- Exercise
Could you repeat the entries below exactly, but only from the line with "国金证券给出了更明确的量化标" through the line with "Platine einklemmen ..", and without any picture?

- Material for the task
+-------+
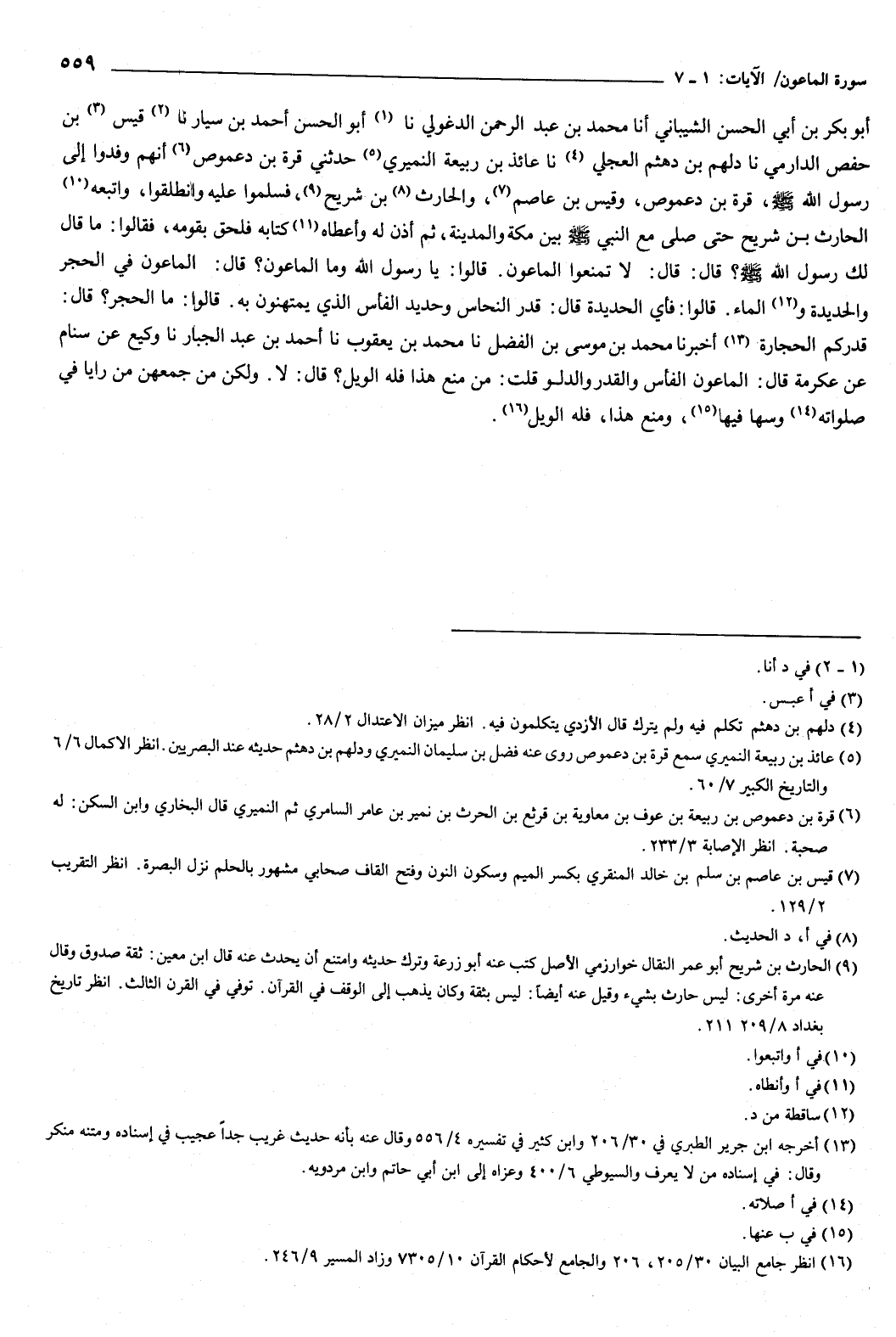 أَبُو بَكْرِ بْنُ أَبِي الْحَسَنِ الشَّيْبَانِيُّ، أنا مُحَمَّدُ بْنُ عَبْدِ الرَّحْمَنِ الدَّغُولِيُّ، نا أَبُو الْحَسَنِ أَحْمَدُ بْنُ سَيَّارٍ، نا قَيْسُ بْنُ حَفْصٍ الدَّارِمِيُّ، نا دَلْهَمُ بْنُ دَهْثَمٍ الْعِجْلِيُّ، نا عَائِذُ بْنُ رَبِيعَةَ النُّمَيْرِيُّ، حَدَّثَنِي قُرَّةُ بْنُ دَعْمُوصٍ، " أَنَّهُمْ وَفَدُوا إِلَى رَسُولِ اللَّهِ صَلَّى اللهُ عَلَيْهِ وَسَلَّمَ، قُرَّةُ بْنُ دَعْمُوصٍ، وَقَيْسُ بْنُ عَاصِمٍ، وَالْحَارِثُ بْنُ شُرَيْحٍ، فَسَلَّمُوا عَلَيْهِ وَانْطَلَقُوا وَاتَّبَعَهُ الْحَارِثُ بْنُ شُرَيْحٍ حَتَّى صَلَّى مَعَ النَّبِيِّ صَلَّى اللهُ عَلَيْهِ وَسَلَّمَ بَيْنَ مَكَّةَ وَالْمَدِينَةِ، ثُمَّ أَذِنَ لَهُ وَأَعْطَاهُ كِتَابَهُ، فَلَحِقَ بِقَوْمِهِ، فَقَالُوا: مَا قَالَ لَكَ رَسُولُ اللَّهِ صَلَّى اللهُ عَلَيْهِ وَسَلَّمَ؟ قَالَ: قَالَ: لا تَمْنَعُوا الْمَاعُونَ، قَالُوا: يَا رَسُولَ اللَّهِ وَمَا الْمَاعُونُ؟ قَالَ: الْمَاعُونُ فِي الْحَجَرِ وَالْحَدِيدَةِ وَالْمَاءِ، قَالُوا: فَأَيُّ الْحَدِيدَةِ، قَالَ: قِدْرُ النُّحَاسِ وَحَدِيدُ الْفَأْسِ الَّذِي يَمْتَهِنُونَ بِهِ، قَالُوا: مَا الْحَجَرُ؟ قَالَ: قُدُورُكُمُ الْحِجَارَةُ ".
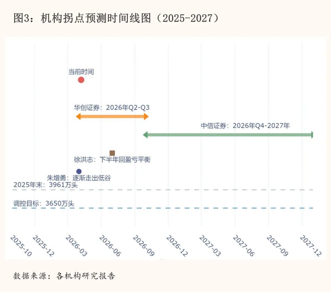 国金证券给出了更明确的量化标准:若能繁母猪存栏降至3650万头红线,供应收缩,猪价有望迎来实质性上涨,周期拐点显现。东兴证券则强调,2026年生猪产能去化将逐步深化,静待周期拐点。
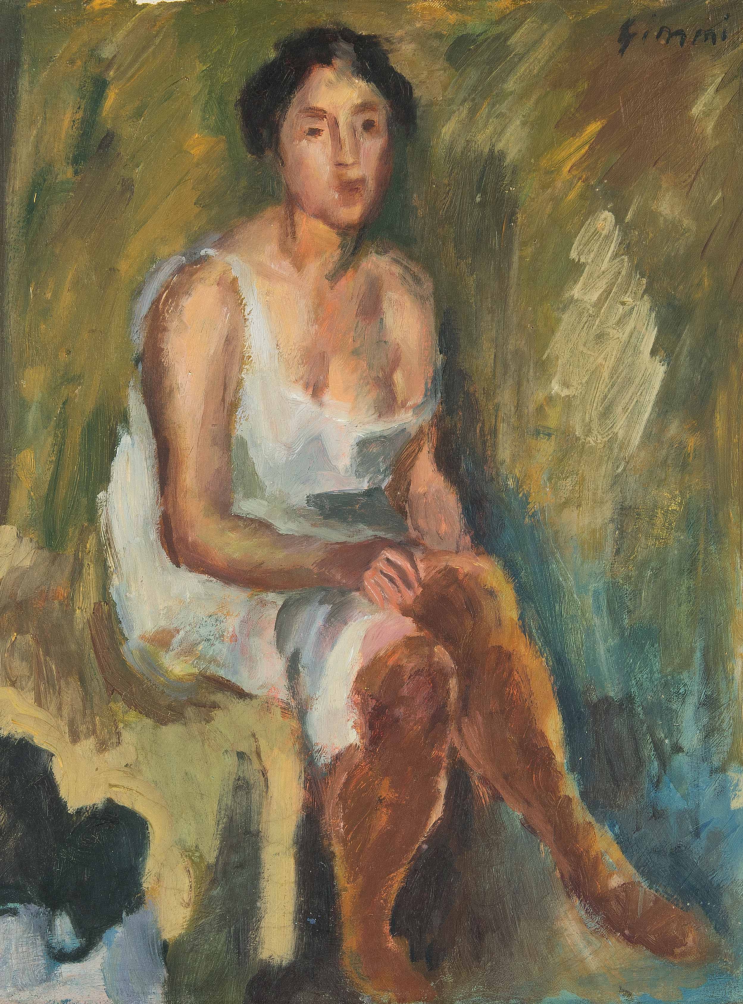 "Déshabillé", 1916. Öl auf Leinwand. Oben rechts signiert. 41x33 cm.
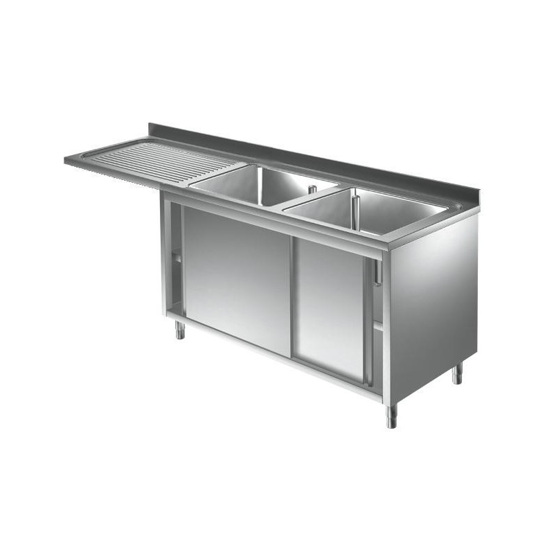 Lavello armadiato in acciaio inox con 2 vasche e sgocciolatoio, inserimento lavastoviglie
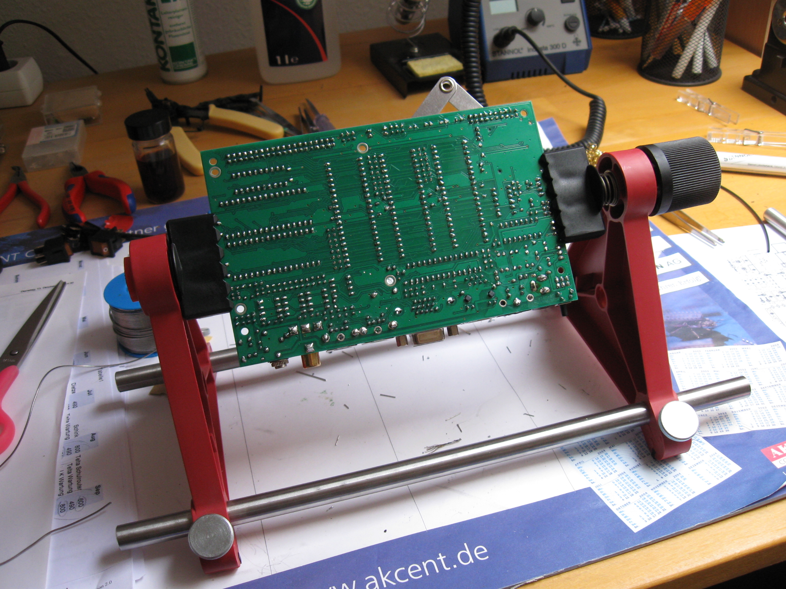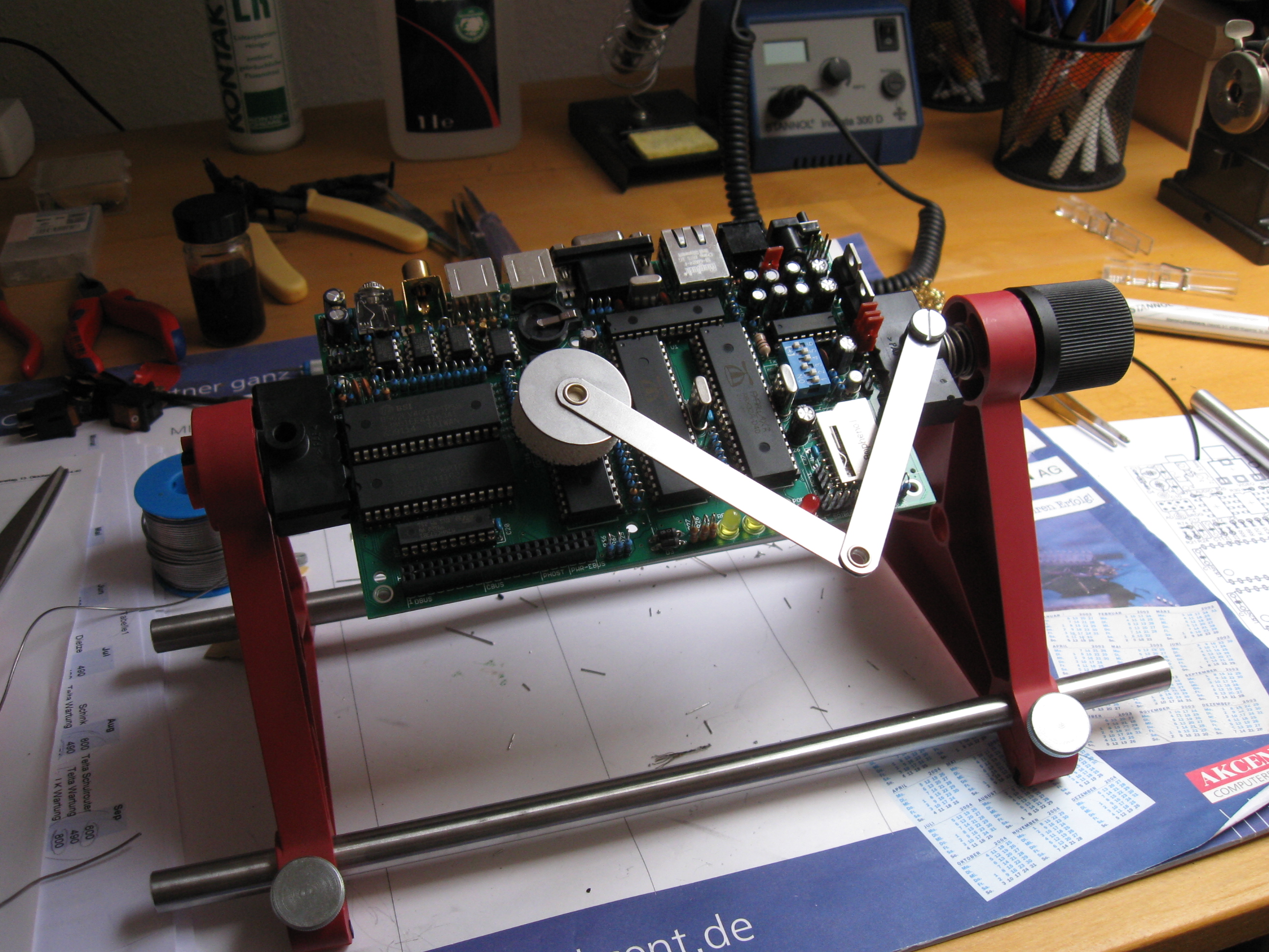 Platine einklemmen .. Bauteile einstecken ... Haltearm auf das lose Bauteil drücken ... Platine im Gestell drehen ... löten .. ferti.
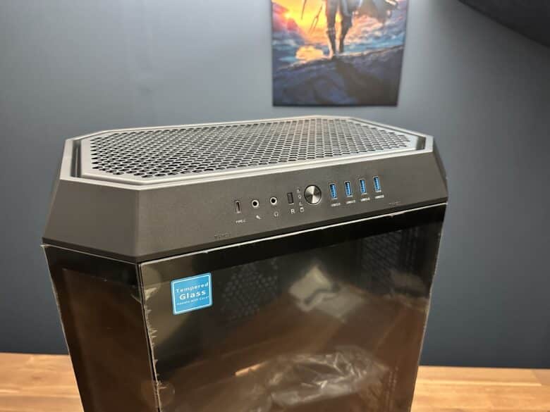 A major plus point is the sophisticated cooling concept: the large number of fan slots and the continuous perforation ensure excellent air circulation and reliably prevent heat build-up. Even during intensive use, the system remained pleasantly cool and the temperatures of the components were within an optimum range. The interior still leaves enough room for additional or more powerful cooling components.
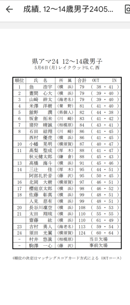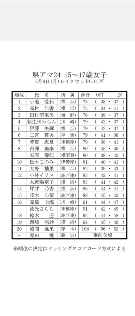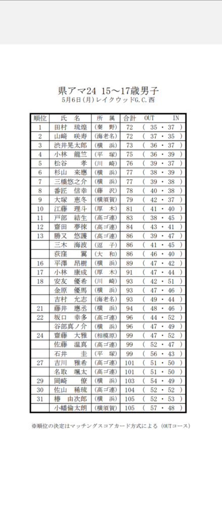 本日神奈川県アマ中学生の部と高校生の部がレイクウッド西コースで行われてました。
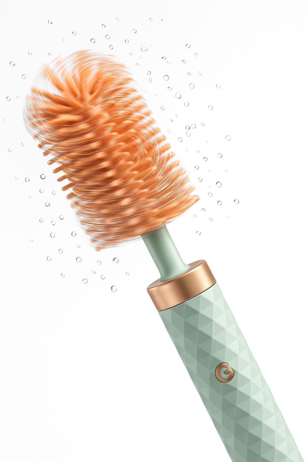 The silicone brush head is easy to disassemble and rinse, the brush body can be cleaned with a damp cloth and detergent, and the brush head can be washed in a dishwasher.
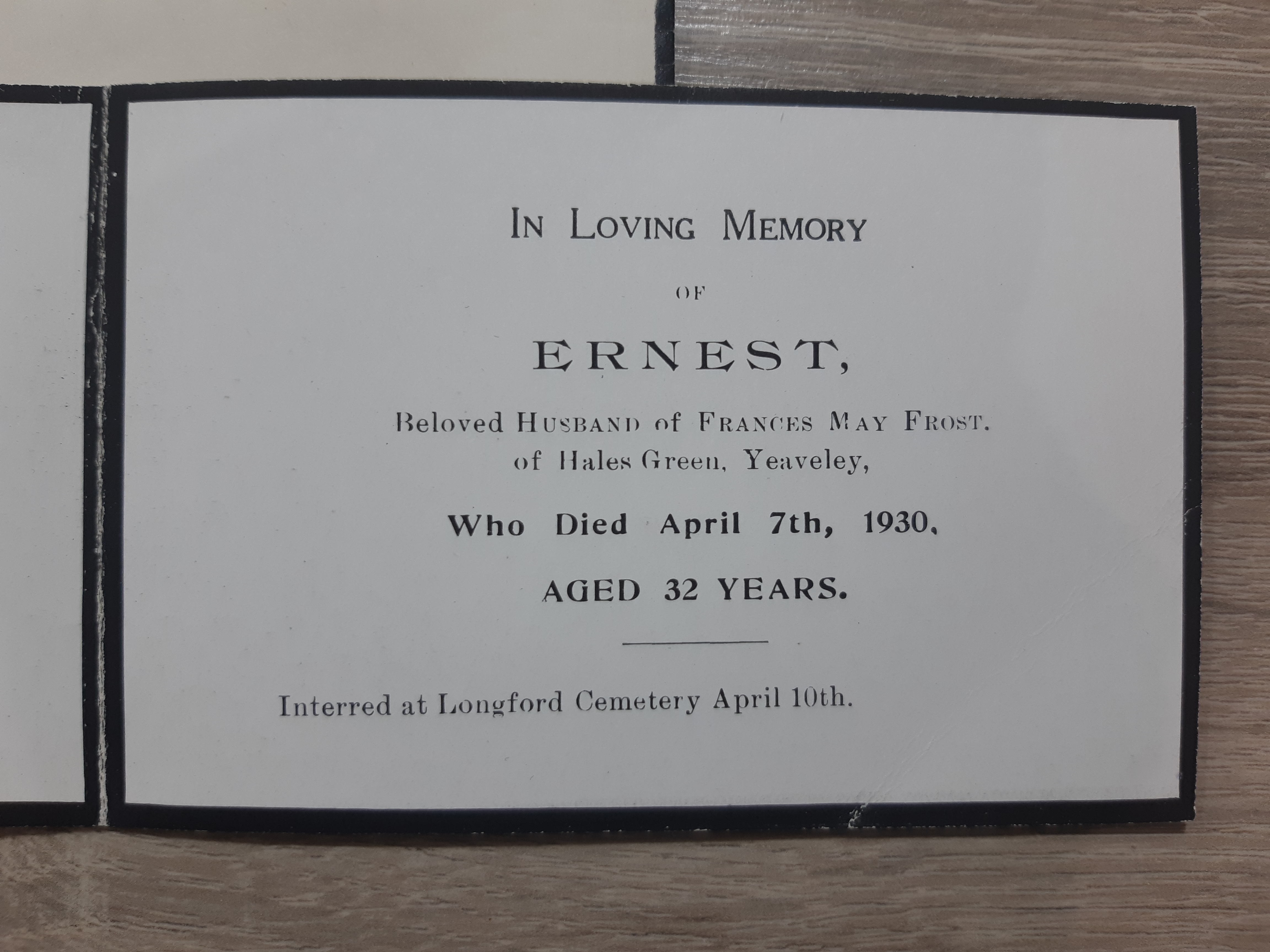 Ernest Frost was born in 1897 (baptised on the 5thDecember) in the small village of Rodsley, Derbyshire. As of 2011, the village population was less than 100, but has a long established history and was mentioned in the Doomsday Book.
+-------+
- Task output
 国金证券给出了更明确的量化标准:若能繁母猪存栏降至3650万头红线,供应收缩,猪价有望迎来实质性上涨,周期拐点显现。东兴证券则强调,2026年生猪产能去化将逐步深化,静待周期拐点。
 "Déshabillé", 1916. Öl auf Leinwand. Oben rechts signiert. 41x33 cm.
 Lavello armadiato in acciaio inox con 2 vasche e sgocciolatoio, inserimento lavastoviglie
 Platine einklemmen .. Bauteile einstecken ... Haltearm auf das lose Bauteil drücken ... Platine im Gestell drehen ... löten .. ferti.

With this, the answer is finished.